The most common complication with microvascular surgeries is venous congestion or thrombosis after microvascular anastomosis. Venous congestion can occur any time there is an imbalance between arterial inflow and venous outflow, which results in stasis of the blood in the affected area. Decreases in venous outflow can occur with constrictive wounds because of damage to venous structures during interventional radiography procedures or during reconstruction or replantation procedures because of the thin walls of the low capacitance veins, which are easily collapsed or torn. That results in decreased tissue perfusion, which can cause local hypoxia, acidosis, arterial thrombus formation and tissue necrosis. Venous congestion leads to classic physical signs such as a bluish color, edema, brisk capillary return and warmth in the tissue (Figures 2 and 3). Venous congestion is so common in the surgical replantation of auricles that it is considered by some to be an accompanying symptom rather than a complication.
Medicinal leech therapy helps remove venous blood, which reduces the capillary filling pressure, so that damaged veins have time to recover and arterial capillary beds can reperfuse. Leech therapy is especially helpful with auricular replantation because of the challenging aspect of finding and reconnecting vessels of this size and the risk of damage to vessels during attempts at anastomosis. This difficulty is mirrored in many veterinary reconstructive techniques, as microvascular surgical techniques can be extremely difficult if not impossible in small animals.
Clinical uses in veterinary medicine
In veterinary medicine, there is one case report describing the use of leeches in treating polycythemia vera in a cat. Another case report describes using leeches in the treatment of a constrictive wound in a cat.4,5 The more recent case report also includes a detailed description of the biology of leeches, their clinical uses and application recommendations in small animals.
To see how medicinal leeching helped one cat, see Leech application to treat toe swelling in a cat. For a guide to leeching, see Veterinary medicinal leech therapy: Application, monitoring, complications. And to see leeches in action, see Videos of medicinal leechs in action.
Medicinal leech therapy should be considered an exciting new tool in your medical toolbox for use with challenging wound management and reconstructive surgeries. No complications were seen with this therapy in our patient, but specific recommendations regarding the handling of leeches, monitoring during leeching and patient management after leeching should be followed. Specifically, prophylactic antibiotics must be instituted, and depending on the number and length of leeching treatments, blood transfusions should be expected.

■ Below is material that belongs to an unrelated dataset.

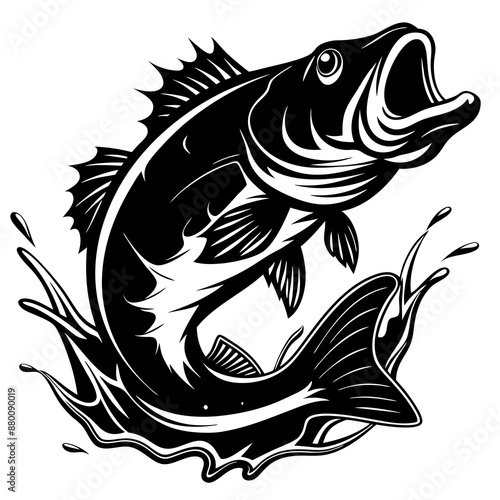 Fototapeta premium A large bass fish, fish, vector, tattoo, illustration, animal, tribal, sea,...

1. Green PA, Shafritz AB. Medicinal leech use in microsurgery. J Hand Surg Am 2010;35(6):1019-1021.
2. Conforti MI, Connor NP, Heisey DM, et al. Evaluation of performance characteristics of medicinal leech (Hirudo medicinalis) for the treatment of venous congestion. Plast Reconstr Surg 2002;109(1):228-235.
3. Whitaker IS, Oboumarzouk O, Rozen WM, et al. The efficacy of medicinal leeches in plastic and reconstructive surgery: a systematic review of 227 reported clinical cases. Microsurgery 2012;32(3):240-250.
4. Nett CS, Arnold P, Glaus TM. Leeching as initial treatment of a cat with polycythaemia vera. J Small Anim Pract 2001;42(11):554-556.
5. Buote NJ. The use of medical leeches for venous congestion. A review and case report. Vet Comp Orthop Traumatol 2014:27(3):173-178.